Your assignment: Only the lines from the top of the listing below through the line containing "Ponorné čerpadlo Reich" should be output, exactly and with no pictures.

Provided material:
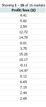 Are you able to shed some light on the following? 1. What makes this particular angle on punting the best possible match for you, your own personal style and preferences etc ? I ask this because I have observed you searching for a 'grail' of a kind in other aspects, seemingly without much success (although I could be wrong). 2. Is this actually 'punting', or are you demonstrating the skills and attributes required for trading a market.. any market? 3. What can we learn from your successful trading endeavours e.g. find a niche and exploit it, look where few others are looking, target your own personal requirements for making additional disposable income first and then find an opportunity that consistently yields the required results, find a way to way to build an ark of wedge, one plank-profit at a time and sail the family around the world in it for an entire year ???* Apologies for being so anal with regards my queries and somewhat theatrical with my suggestions here.. your detailed results and ample evidence for a successful strategy make me inquisitive to the bone, and keen to derive what lessons I can in this respect! Cheers LG * Beats buying a new lawnmower or lilly white washing machine?
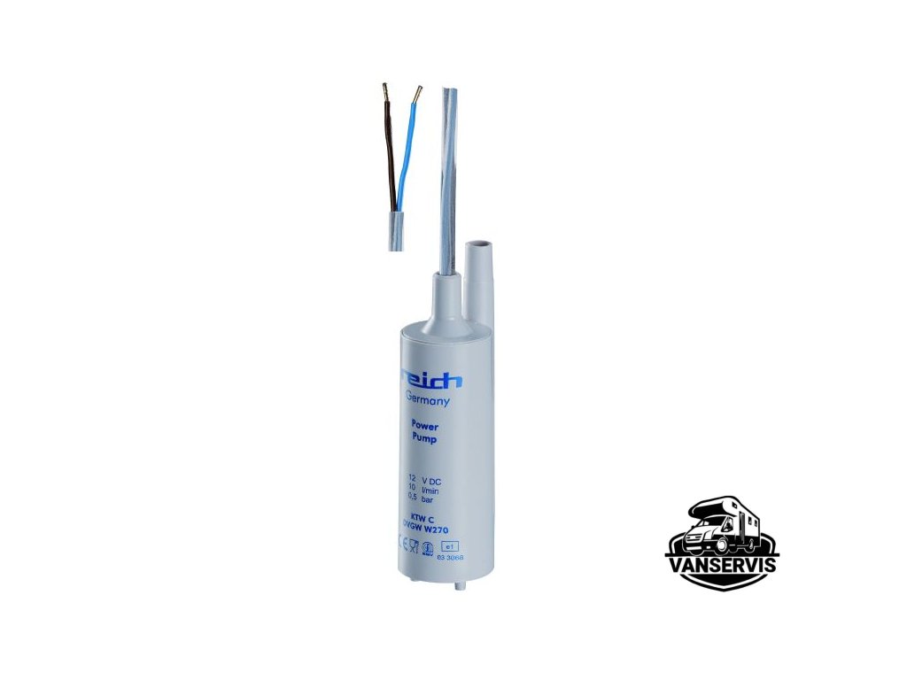Ponorné čerpadlo Reich je spolehlivé a výkonné čerpadlo určené pro čerpání vody v karavanech, obytných vozech a lodích. Nabízí dvě varianty s různým průtokem a tlakem – 10 l/min (0,5 bar), 12 l/min (0,6 bar). Díky kompaktnímu designu a nízké spotřebě energie je ideální pro mobilní vodní systémy.
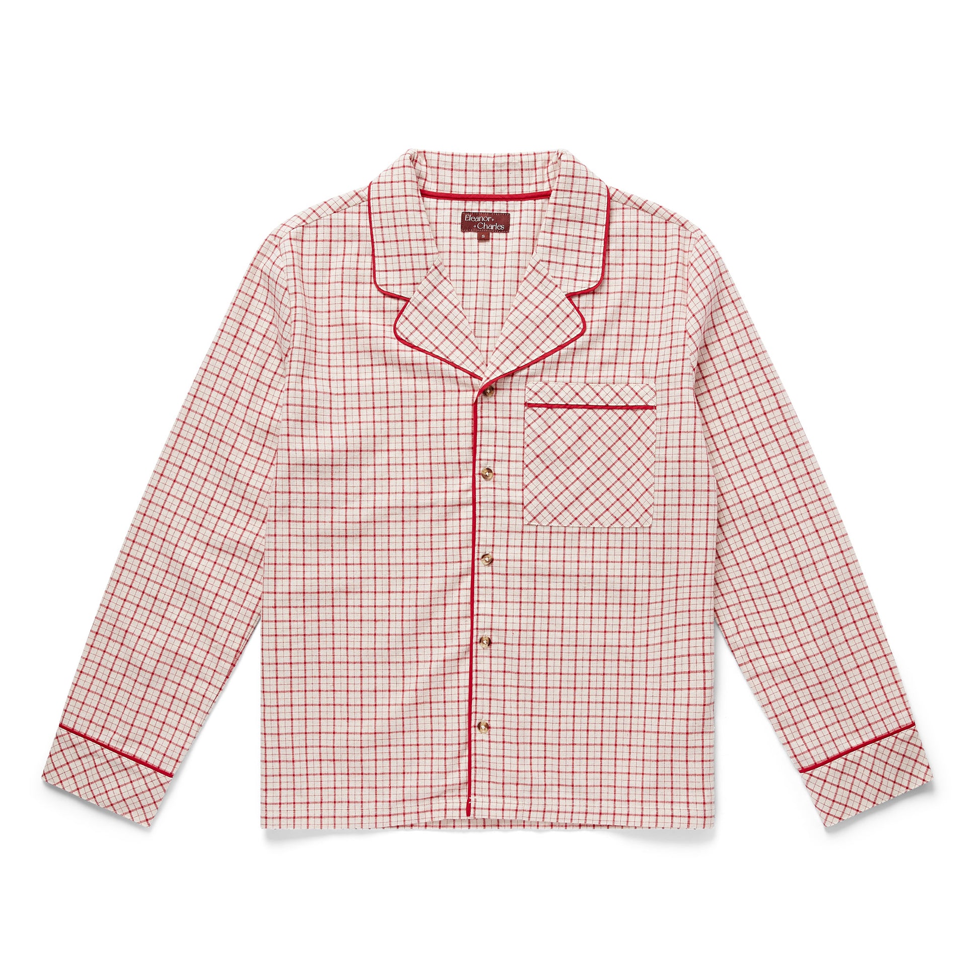 Sleep in timeless style with our Ladies' Classic Checkered Pyjama Set, crafted from soft, breathable brushed cotton in a charming red and white check pattern. This elegant two-piece set includes a long-sleeve button-up top with traditional red piping and a chest pocket for a touch of practicality and style.
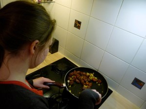 So here’s Ella, seconds after having taken over the cooking duties from me. She’s sautéing some meatballs with onions, in preparation for the lentils and rice that are about to be added. Such was tonight’s main dinner course,

Final answer:
 Are you able to shed some light on the following? 1. What makes this particular angle on punting the best possible match for you, your own personal style and preferences etc ? I ask this because I have observed you searching for a 'grail' of a kind in other aspects, seemingly without much success (although I could be wrong). 2. Is this actually 'punting', or are you demonstrating the skills and attributes required for trading a market.. any market? 3. What can we learn from your successful trading endeavours e.g. find a niche and exploit it, look where few others are looking, target your own personal requirements for making additional disposable income first and then find an opportunity that consistently yields the required results, find a way to way to build an ark of wedge, one plank-profit at a time and sail the family around the world in it for an entire year ???* Apologies for being so anal with regards my queries and somewhat theatrical with my suggestions here.. your detailed results and ample evidence for a successful strategy make me inquisitive to the bone, and keen to derive what lessons I can in this respect! Cheers LG * Beats buying a new lawnmower or lilly white washing machine?
Ponorné čerpadlo Reich je spolehlivé a výkonné čerpadlo určené pro čerpání vody v karavanech, obytných vozech a lodích. Nabízí dvě varianty s různým průtokem a tlakem – 10 l/min (0,5 bar), 12 l/min (0,6 bar). Díky kompaktnímu designu a nízké spotřebě energie je ideální pro mobilní vodní systémy.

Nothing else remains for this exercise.